Тревожил отнюдь не сам факт убийства. Однако все чаще происходило то, чего он не планировал – а то, что планировал, шло наперекосяк и завершалось странно. Неясным оставалось одно – изменилась ли окружающая действительность, или мозг помалу начинал неадекватно на нее реагировать?
Раньше человек в черном был уверен, что уж этот-то орган откажет ему последним. Сейчас – сомневался и тревожился.
Он покинул клуб по интересам и отправился к своей стоящей поодаль машине – поиск предстоял долгий, стоило поспешить. Человек не сделал даже малейшей попытки прибрать трупы или еще каким-либо способом скрыть следы произошедшего.
Пусть себе лежат…
Резаных, колотых, стреляных ран нет – сначала стражи закона отработают версию с естественной смертью – если таковой можно считать кончину от паленой водки или другого суррогата. А после вскрытия начнут копать в сторону междусобойных рукопашных разборок… Или вообще не будут ничего копать, кроме двух могилок. Без всяких вскрытий, с емким вердиктом: сердечная недостаточность. Реальная возможность: лето, глубинка, кто не в отпусках – с работы бегом на огороды, кому охота играть на жаре в холмсов-ватсонов из-за пары дохлых маргиналов…

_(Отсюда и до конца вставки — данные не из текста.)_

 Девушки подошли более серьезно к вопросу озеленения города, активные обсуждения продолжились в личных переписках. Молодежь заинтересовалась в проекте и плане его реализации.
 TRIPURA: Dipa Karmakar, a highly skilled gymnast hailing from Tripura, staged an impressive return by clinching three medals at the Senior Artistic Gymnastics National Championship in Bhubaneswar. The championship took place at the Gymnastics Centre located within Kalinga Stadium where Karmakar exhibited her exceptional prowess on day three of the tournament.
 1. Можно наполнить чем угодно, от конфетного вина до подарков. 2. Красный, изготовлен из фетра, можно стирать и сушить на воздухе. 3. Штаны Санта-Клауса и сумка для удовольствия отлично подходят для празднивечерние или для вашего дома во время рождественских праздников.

Человек в черном был оптимистом.
05 августа, 07:28, Пятиозерье, ДОЛ “Варяг”.
Белая, чуть неровная поверхность – нависает, грозит рухнуть и раздавить. Снизу – что-то другое, тоже белое, обманчиво мягкое, бугрящееся. Сейчас схлопнется с тем, с верхним чем-то, – и все, конец.

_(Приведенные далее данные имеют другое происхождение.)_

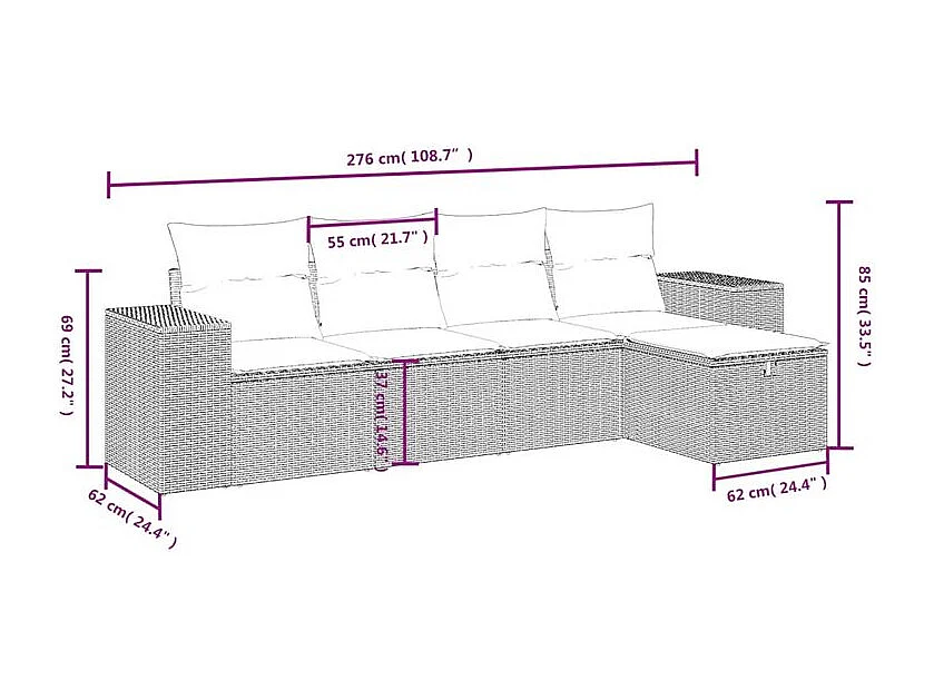 Salon de jardin 5 pcs avec coussins gris clair résine tressée

Спокойно, сказала себе она.
Без паники.
Потолок. Это называется потолок. А снизу – кровать. Все в порядке…
Да, все в порядке – за исключением того, что и кровать, и потолок она видела в первый раз.

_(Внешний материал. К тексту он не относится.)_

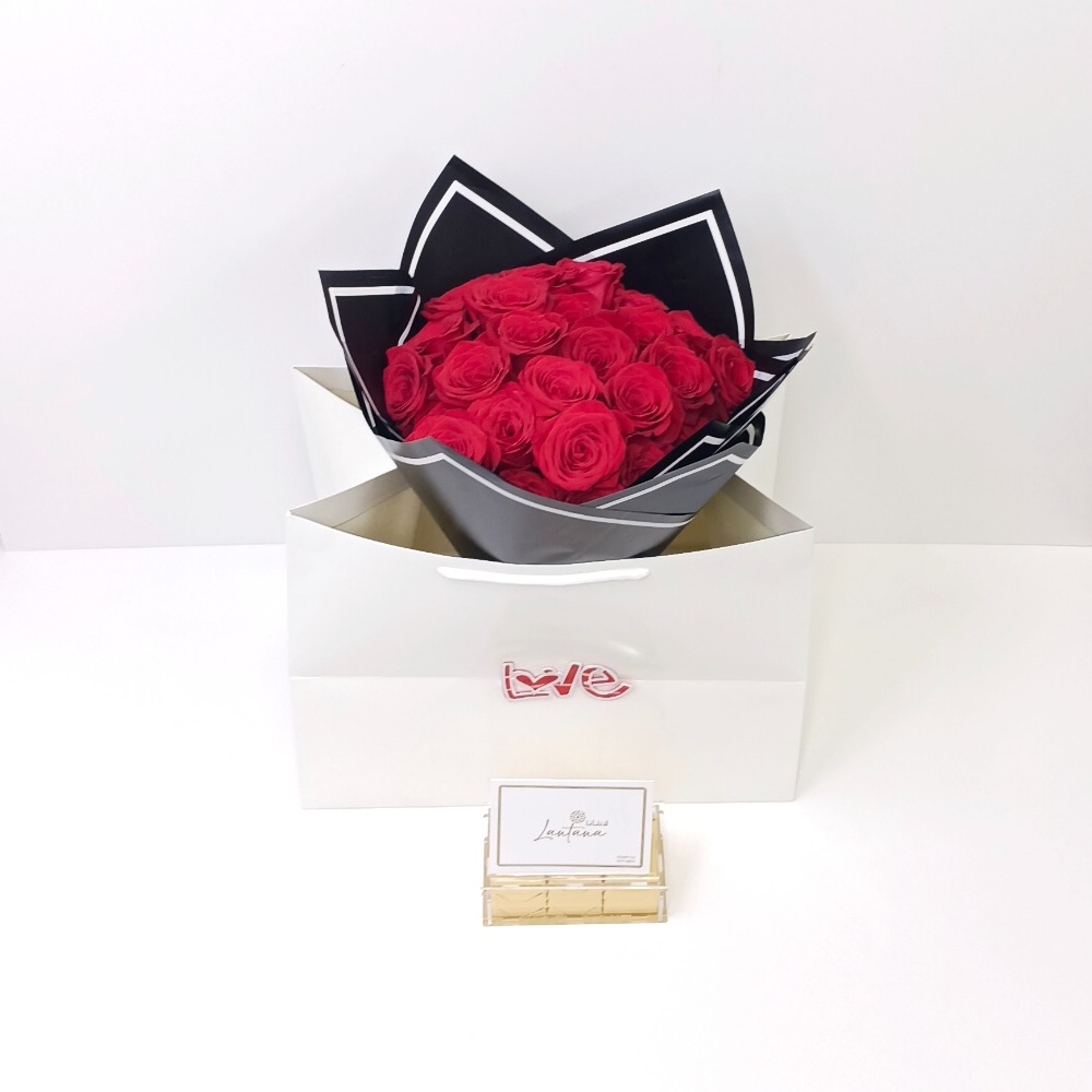 باقة يد تحتوي على الجوري مع الشوكولاتة.

Она приподнялась, повела взглядом вокруг. Чужие и чуждые предметы неохотно докладывали о себе: стол, стул, тумбочка, шкаф. Комната. Это моя комната, подумала она с каким-то бессмысленным ожесточением. Подумала, подспудно уверенная в обратном.
Встала, подошла к зеркалу. Долго всматривалась в отражение. Лицо казалось симпатичным, но незнакомым.
– Это я, – сказала она с нажимом. Слова прозвучали гулко и странно.
Кто – ты? – ехидно поинтересовался внутренний голос. Она беспомощно отвернулась от зеркала, огляделась. Ответа не было.
Белый лист на столе. Крупные черные значки видны издалека.
Она подошла, взяла в руки. Бессмысленные закорючки долго не хотели складываться в слова. Но сложились.
Это оказался спасательный круг, брошенный ей из совсем другой жизни, совсем другим человеком, чье место она почему-то заняла…
МЕНЯ ЗОВУТ СВЕТА. СВЕТЛАНА ИГОРЕВНА ПОЛЛАК. Я РАБОТАЮ ЗДЕСЬ, В ЛАГЕРЕ “ВАРЯГ”, БИБЛИОТЕКАРЕМ.
– Меня зовут Света, – дочитав, покорно повторила она.
Очередной утренний кошмар медленно рассеивался.
05 августа, 07:43, Пятиозерье, ДОЛ “Варяг”.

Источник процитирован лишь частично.